Eine dieser vermeintlich weltrettenden Ideen ist das Pflanzen von Bäumen, die Kohlendioxid absorbieren und speichern. Sie stösst besonders bei Grosskonzernen auf offene Ohren, darunter Energieriesen wie Shell, BP und ENI.

«Wir stehen vor einer globalen Klimakrise und Bäume gehören zu den effektivsten Mitteln, Kohlendioxid aufzunehmen», sagt Marc Benioff, Gründer des auf Datenspeicherung im Internet spezialisierten Unternehmens Salesforce.

Selbst notorische Klimaskeptiker wie US-Präsident Donald Trump unterstützen eine Initiative zur Pflanzung von einer Billion Bäume, die im vergangenen Jahr nach ihrer Vorstellung durch Forscher der ETH Zürich als Königsweg im Kampf gegen die Erderwärmung gefeiert wurde. Der Plan regt an, knapp eine Milliarde Hektar Land aufzuforsten – eine Fläche grösser als die USA.

Unternehmen nutzen diese Klima-Initiative häufig als System, um zu «kompensieren», dass sie weiter Kohlendioxid in die Atmosphäre pusten dürfen. Doch die Studie, die im vergangenen Jahr im Wissenschaftsmagazin «Science» erschien, steht massiv in der Kritik. Andere Forscher bezeichneten sie als «wissenschaftlich falsch» und «gefährlich irreführend».

Aufforstung könne im Kampf gegen den Klimawandel hilfreich sein, «aber es ist Zeit, damit aufzuhören zu behaupten, dass es eine ‹naturgegebene Lösung› für den anhaltenden Verbrauch von fossilen Brennstoffen gibt», warnt der Chef der Climate Dynamics Group an der Universität Oxford, Myles Allen. «Die gibt es nicht.»

Überschätzte CO2-Speicherkapazitäten
Zur langen Liste der Schwachstellen der Studie zählt laut Allen und anderen Wissenschaftlern, dass die CO2-absorbierenden Fähigkeiten von Bäumen überschätzt werden. Zudem sei auch übersehen worden, dass das für die Aufforstung nötige Land vielmehr für den Anbau von Nahrungsmitteln gebraucht wird.

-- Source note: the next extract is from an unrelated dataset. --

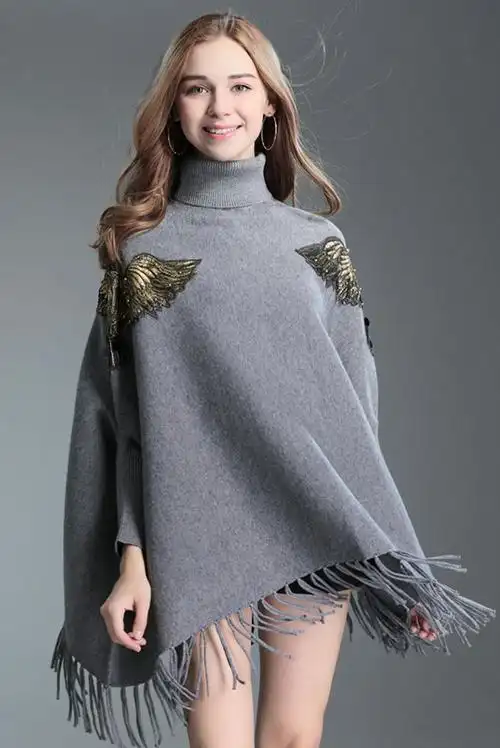欧美亚马逊钉珠刺绣斗篷披肩女蝙蝠衫中长款高领毛衣套头针织衫

Die Autoren der Studie verteidigen ihre Ergebnisse. Aber sie beschreiben sie inzwischen vielmehr als Gedankenexperiment als einen Plan zum Handeln.

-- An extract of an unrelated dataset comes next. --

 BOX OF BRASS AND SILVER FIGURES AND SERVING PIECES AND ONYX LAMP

«Greenwashing ist Falschinformation, ein Verwischen der Realität», sagt Jennifer Morgan von der Umweltschutzorganisation Greenpeace. Doch «angesichts der Dringlichkeit des Klimanotstands haben wir keine Zeit mehr für Schönfärberei».

Trotzdem bleibt Greenwashing eine beliebte Strategie. Microsoft verkündete in der vergangenen Woche einen Plan, der den Software-Giganten nicht nur binnen zehn Jahren «kohlenstoffneutral» machen soll, sondern auch den gesamten ökologischen Fussabdruck seit seiner Gründung im Jahr 1975 ausgleichen soll.

Allerdings setzt auch dieses Vorhaben auf massive Aufforstung und Technologien, die es noch nicht in sinnvollem Ausmass gibt – wie Maschinen, die CO2 aus der Luft absaugen.

Vorne grün, hinten Klimakiller
Viel problematischer ist, dass Microsoft eng mit klimaschädlicher Industrie verbunden ist. So sind Messverfahren des Unternehmens für Öl- und Gaskonzerne wichtig, um die Förderleistung und Lieferprognosen zu berechnen.

«Man kann nicht auf der einen Seite behaupten, einen ambitionierten Klimaplan zu verfolgen, und sich dann weiter bei Industrien einschmeicheln, die der Kern der Krise sind», sagt Sriram Madhusoodanan von der Organisation Corporate Accountability.

Allerdings gibt es inzwischen Behörden und Institutionen, die sich Greenwashing nicht mehr gefallen lassen. Italiens Werbeaufsicht verhängte gegen den heimischen Öl- und Gasriesen ENI in der vergangenen Woche eine Strafzahlung von fünf Millionen Euro, weil er Konsumenten mit seiner Werbung zu «grünem Diesel» in die Irre führte.

Der Getränkehersteller PepsiCo versah in der vergangenen Woche seine Klima-Initiative gar selbst mit einem Warnhinweis. Er gab bekannt, bis Ende 2020 sein US-Geschäft komplett mit erneuerbarer Energie betreiben zu wollen. Doch im Kleingedruckten unter der Pressemitteilung schränkte der Konzern das Bekenntnis ein: Es handele sich dabei um «in die Zukunft gerichtete Äusserungen», in die Investoren nicht «übermässiges Vertrauen» setzen sollten.